In the previous lecture, we studied that UV/Visible radiation is absorbed by the molecules through transition of electrons in the chromophore from low energy molecular orbitals to higher energy molecular orbitals. We are interested in the transitions that lie in the far UV, near UV, and visible regions of the electromagnetic spectrum. The molecules that absorb in these regions invariably have unsaturated bonds. Plants are green due to unsaturated organic compounds, called chlorophylls. A highly unsaturated alkene, lycopene, imparts red color to the tomatoes (Figure 5.1).

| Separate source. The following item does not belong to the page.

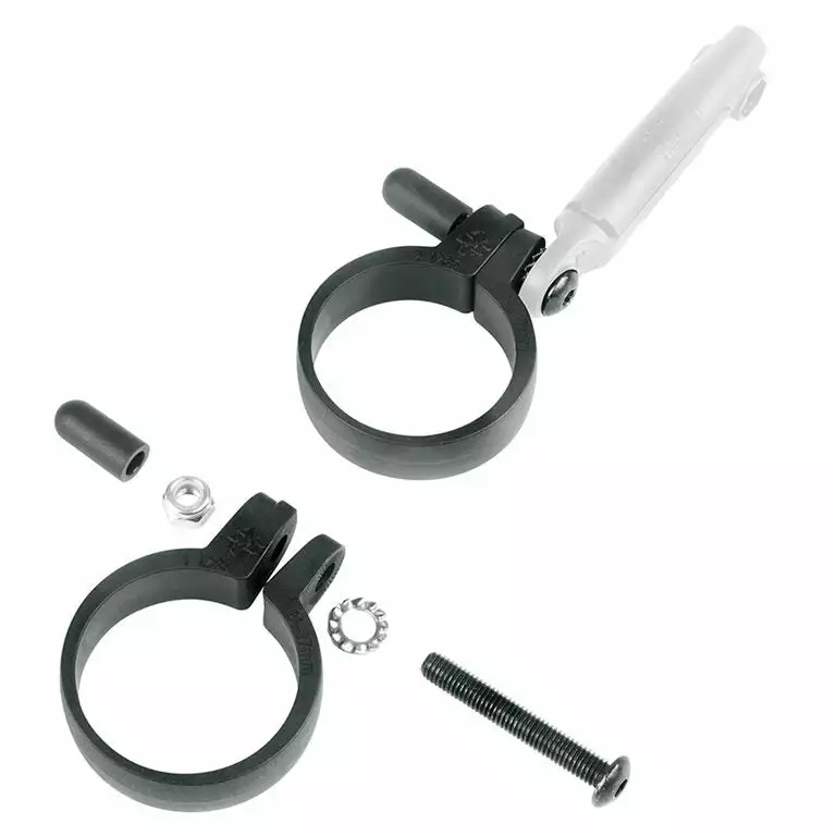 Käytännöllinen jousikiinnitys, joka mahdollistaa helpon ja mutkattoman kiinnityksen jousitettuihin haarukoihin. Sisältää ruuvit.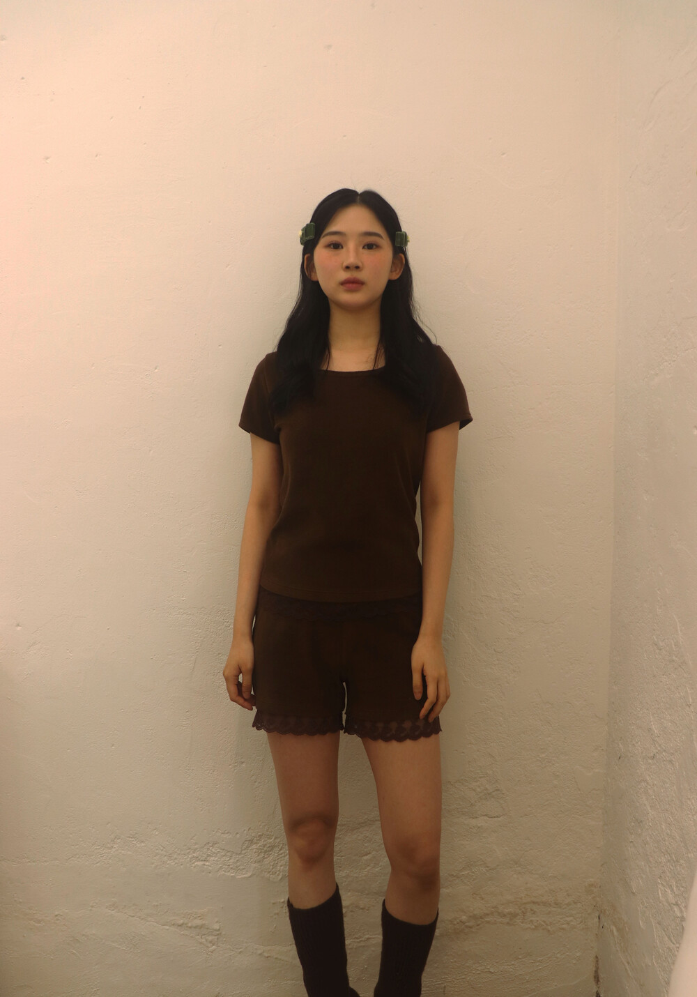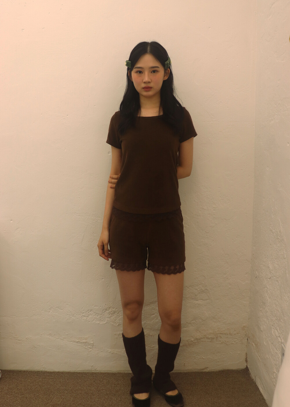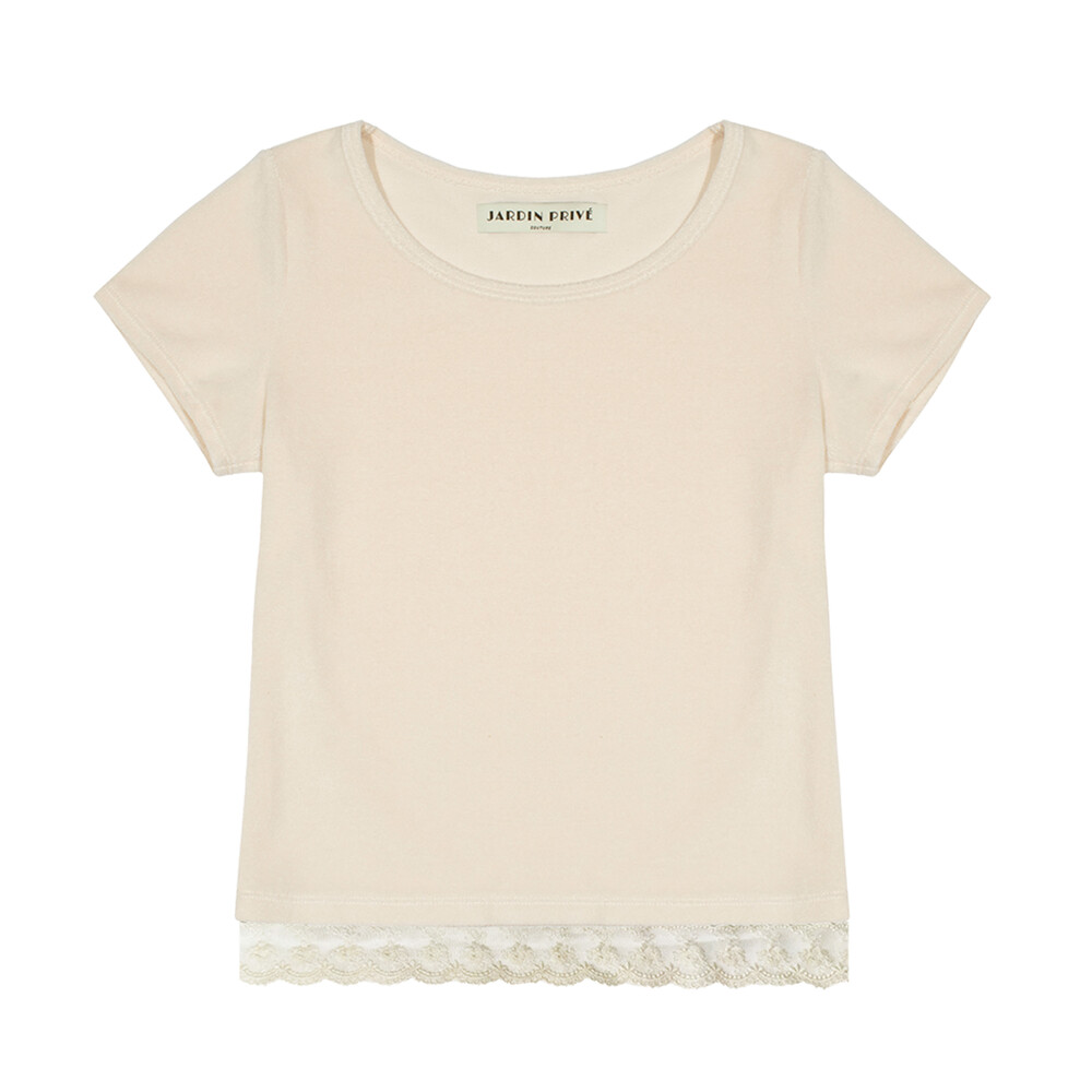 밑단 레이스 디테일이 포인트인 요 티셔츠는 기장이 조금 더 길고

Figure 5.1 Structure of lycopene, the pigment that imparts red color to the tomatoes

As can be seen from its structure, lycopene is a highly conjugated alkene. As compared to the simple non-conjugated alkenes that typically absorb in vacuum UV region, absorption spectrum of lycopene is hugely shifted towards higher wavelengths (or lower energy). There can be factors that could shift the absorption spectra to smaller wavelengths or can increase/decrease the absorption intensity. Before understanding how conjugation causes shift in the absorption spectra, let us look at some important terms that are used to refer to the shifts in absorption spectra (Figure 5.2):

Bathochromic shift : Shift of the absorption spectrum towards longer wavelength

Hypsochromic shift : Shift of the absorption spectrum towards smaller wavelength

Hyperchromic shift : An increase in the absorption intensity

Hypochromic shift : A decrease in the absorption intensity

 

Figure 5.2 Terminology for shifts in absorption spectra